> TASK DIRECTIONS:
From the entries below, copy exactly the lines from the one that contains "全国大学生经济新闻作品大赛每" through the one that contains "Римская штора день-ночь", both included, and only those.

> SOURCE INFORMATION:

+ + + + +

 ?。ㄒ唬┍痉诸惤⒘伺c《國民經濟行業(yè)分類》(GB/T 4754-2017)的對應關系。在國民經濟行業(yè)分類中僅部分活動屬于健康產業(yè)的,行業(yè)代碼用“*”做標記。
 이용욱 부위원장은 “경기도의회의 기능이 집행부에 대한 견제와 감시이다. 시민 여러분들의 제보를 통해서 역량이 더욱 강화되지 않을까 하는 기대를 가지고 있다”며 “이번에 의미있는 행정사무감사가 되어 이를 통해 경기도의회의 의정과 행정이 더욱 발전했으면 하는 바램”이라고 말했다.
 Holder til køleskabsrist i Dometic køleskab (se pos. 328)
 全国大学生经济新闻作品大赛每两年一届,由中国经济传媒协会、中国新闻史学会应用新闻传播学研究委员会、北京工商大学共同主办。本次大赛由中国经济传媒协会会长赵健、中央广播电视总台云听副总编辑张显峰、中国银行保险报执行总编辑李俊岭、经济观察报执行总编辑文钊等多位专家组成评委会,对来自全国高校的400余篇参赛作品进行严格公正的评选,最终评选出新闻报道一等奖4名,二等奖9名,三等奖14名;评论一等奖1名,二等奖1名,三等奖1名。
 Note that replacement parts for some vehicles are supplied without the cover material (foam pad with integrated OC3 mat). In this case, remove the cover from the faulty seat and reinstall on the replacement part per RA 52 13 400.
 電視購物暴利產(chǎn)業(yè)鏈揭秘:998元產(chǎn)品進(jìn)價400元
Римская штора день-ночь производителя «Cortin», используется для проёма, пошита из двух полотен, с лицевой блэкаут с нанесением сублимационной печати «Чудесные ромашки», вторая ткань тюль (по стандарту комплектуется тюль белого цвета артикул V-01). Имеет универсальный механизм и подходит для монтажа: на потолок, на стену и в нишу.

+ + + + +

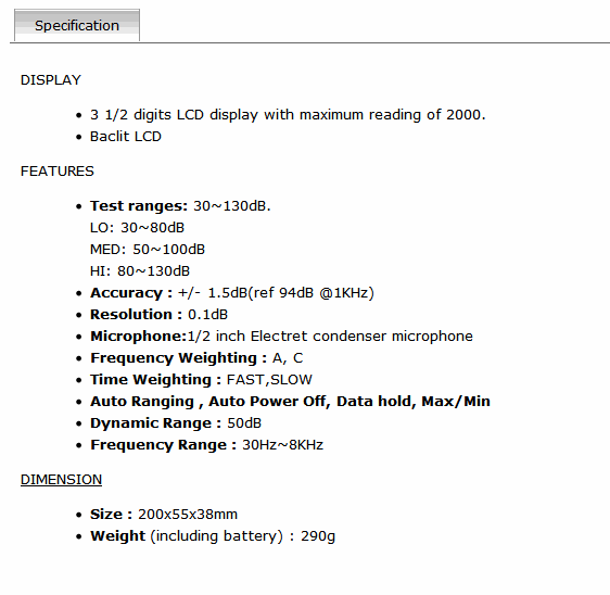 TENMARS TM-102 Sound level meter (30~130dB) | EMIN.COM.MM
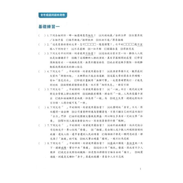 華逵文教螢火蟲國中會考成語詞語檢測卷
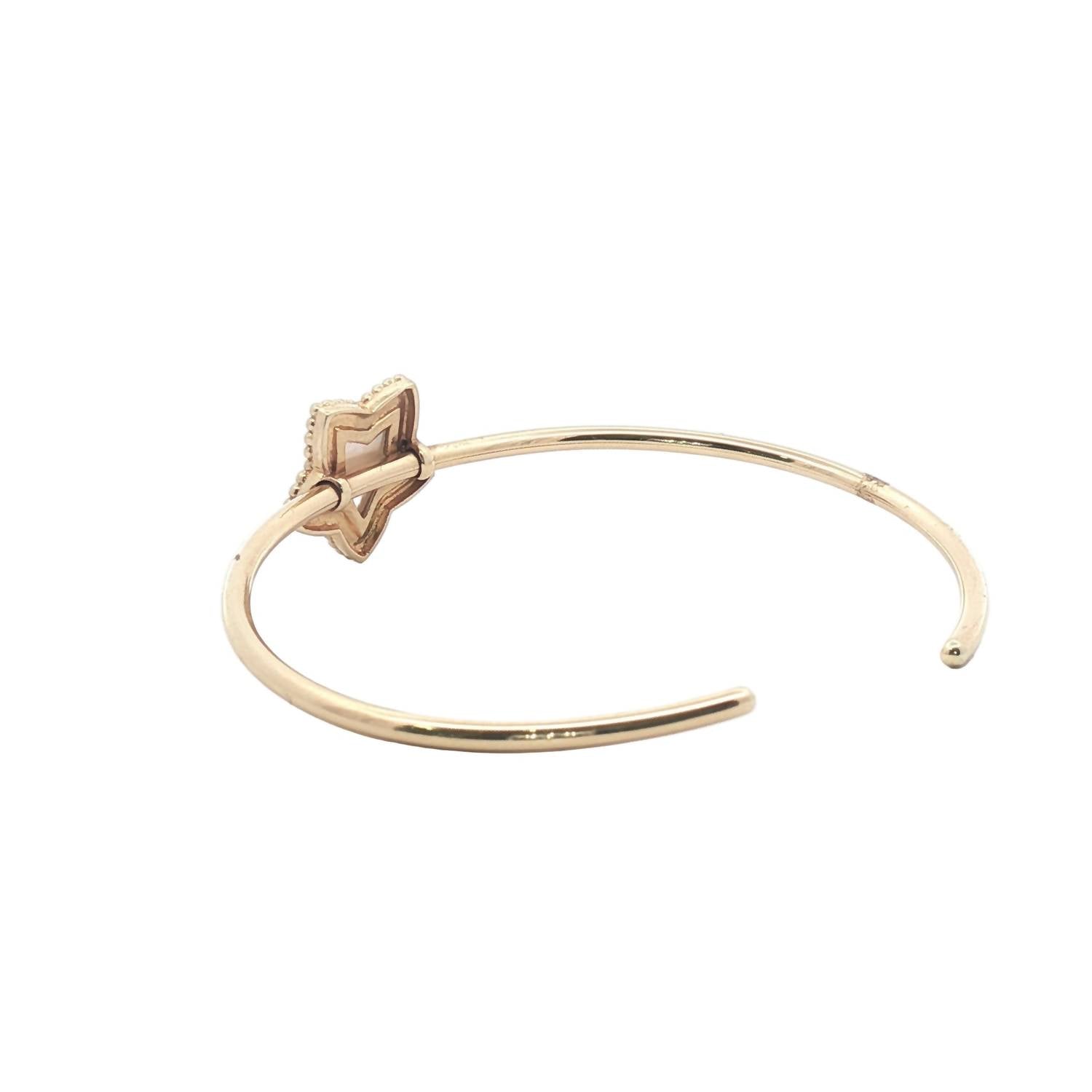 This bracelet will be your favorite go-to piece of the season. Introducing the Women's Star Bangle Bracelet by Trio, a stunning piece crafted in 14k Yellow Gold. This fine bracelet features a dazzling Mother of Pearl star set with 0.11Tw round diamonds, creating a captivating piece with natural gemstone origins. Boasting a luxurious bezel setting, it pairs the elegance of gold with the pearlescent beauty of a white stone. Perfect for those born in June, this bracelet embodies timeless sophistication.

+ + + + +

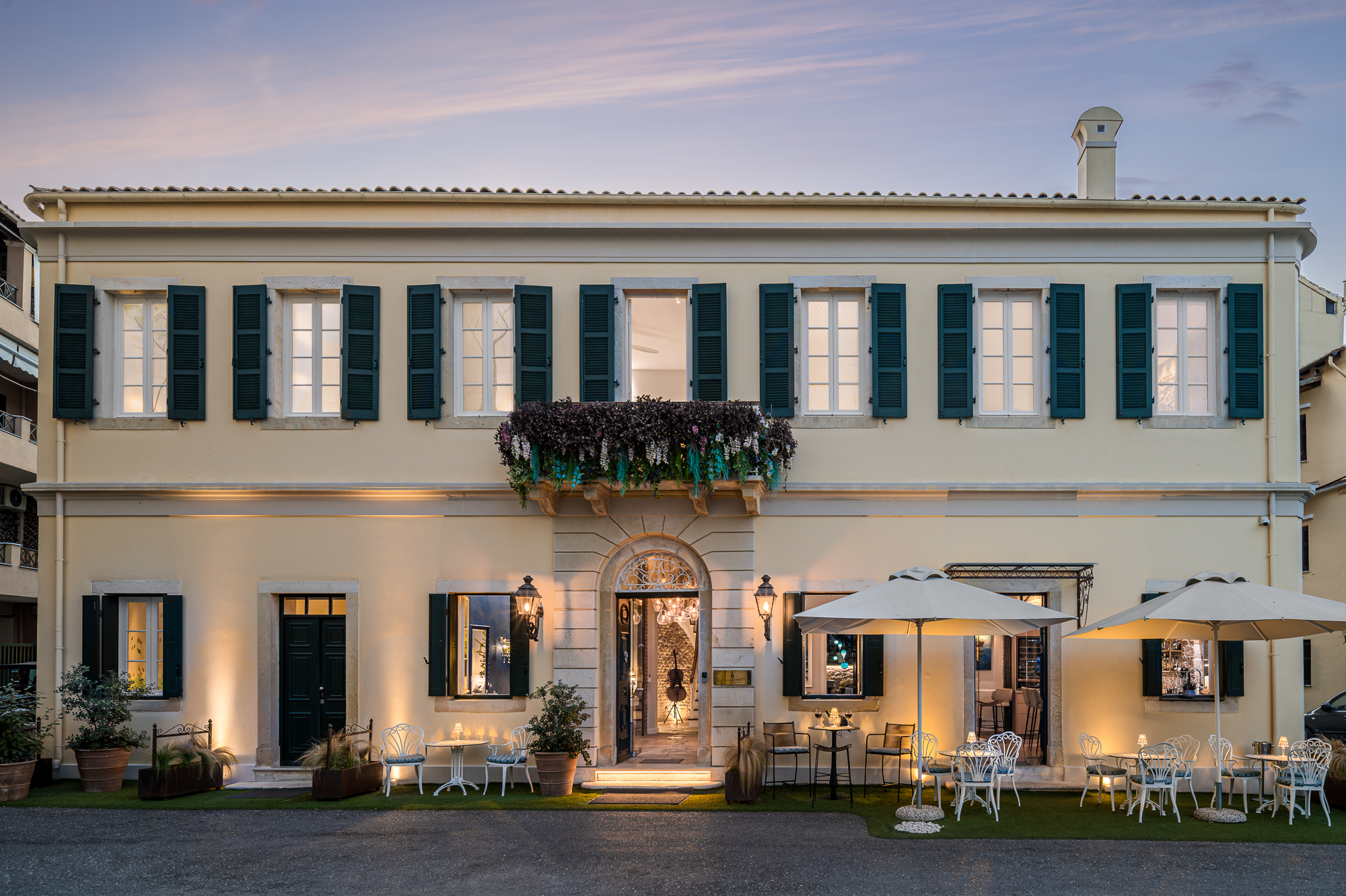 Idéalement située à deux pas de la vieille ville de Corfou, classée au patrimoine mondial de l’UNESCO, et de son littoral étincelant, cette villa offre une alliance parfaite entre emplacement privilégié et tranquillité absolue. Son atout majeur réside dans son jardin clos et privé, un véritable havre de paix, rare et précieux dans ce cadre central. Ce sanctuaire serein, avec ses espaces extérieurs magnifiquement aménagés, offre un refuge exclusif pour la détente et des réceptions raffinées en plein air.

+ + + + +

> ANSWER TO THE EXERCISE:
 全国大学生经济新闻作品大赛每两年一届,由中国经济传媒协会、中国新闻史学会应用新闻传播学研究委员会、北京工商大学共同主办。本次大赛由中国经济传媒协会会长赵健、中央广播电视总台云听副总编辑张显峰、中国银行保险报执行总编辑李俊岭、经济观察报执行总编辑文钊等多位专家组成评委会,对来自全国高校的400余篇参赛作品进行严格公正的评选,最终评选出新闻报道一等奖4名,二等奖9名,三等奖14名;评论一等奖1名,二等奖1名,三等奖1名。
 Note that replacement parts for some vehicles are supplied without the cover material (foam pad with integrated OC3 mat). In this case, remove the cover from the faulty seat and reinstall on the replacement part per RA 52 13 400.
 電視購物暴利產(chǎn)業(yè)鏈揭秘:998元產(chǎn)品進(jìn)價400元
Римская штора день-ночь производителя «Cortin», используется для проёма, пошита из двух полотен, с лицевой блэкаут с нанесением сублимационной печати «Чудесные ромашки», вторая ткань тюль (по стандарту комплектуется тюль белого цвета артикул V-01). Имеет универсальный механизм и подходит для монтажа: на потолок, на стену и в нишу.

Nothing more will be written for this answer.